The trap is generalizing from it. “Skip retrieval, dump the corpus in context” works on category 1 and fails on categories 2, 3, 4. Listing every obligation in a contract isn’t a single needle. Comparing premiums across three policies isn’t a single needle. Summarizing a warranty section without missing anything isn’t a single needle.

The benchmark validates one question class, not the other three. It is a research result for an isolated retrieval task, not a license to skip retrieval in production.

To make the contrast concrete, here is the naive RAG baseline that most tutorials show, applied to the running paper. We pick a representative question, “How is attention computed?”. The answer is the formula box in section 3.2. We then run cosine top-k against the page embeddings.

*Five pages ranked by similarity, no section context, no “not found” path – Image by author*

The rest of this article is methods that beat this baseline by exploiting the structure parsing already extracted.

2. Anchor and context: the two granularities

Filtering rows is half the picture.

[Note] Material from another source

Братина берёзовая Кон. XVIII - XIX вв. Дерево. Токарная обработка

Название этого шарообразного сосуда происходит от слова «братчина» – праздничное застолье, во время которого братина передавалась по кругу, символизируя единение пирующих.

The other half is just as foundational: the anchor (the row where you detect the signal) and the context (the chunk you pass downstream to generation) are not the same unit. The anchor terminology is local to this article; adjacent literature uses hit in IR, trigger in information extraction, or evidence span in QA, all for the same idea. We keep anchor because it pairs naturally with context.

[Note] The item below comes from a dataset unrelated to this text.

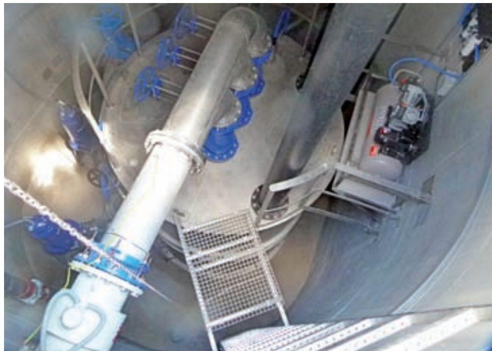
Nowoczesna tłocznia – to tutaj trafią ścieki z miasta.

Retrieval runs in two phases. Phase 1 finds where the answer lives: keyword detection and embeddings run on line_df and toc_df, an LLM ranks the candidates once at the end, and the output is a small set of anchors (section, page, or lines). Phase 2 sizes the context around each anchor: paragraph, section, or a window of N lines, driven by the question’s intent and scope width (already parsed on the question side). Article 7B (anchor detection) develops phase 1’s detectors and Article 7C (the LLM arbiter) develops the arbiter that ranks them; section 2.4 below develops phase 2.

*Phase 1 finds anchors; phase 2 sizes the context around each anchor – Image by author*

A compliance officer searching “liability” with Ctrl+F lands on a single matching line. They never read just that line. They read the surrounding paragraph, often the whole section. The anchor is one line; the context is hundreds.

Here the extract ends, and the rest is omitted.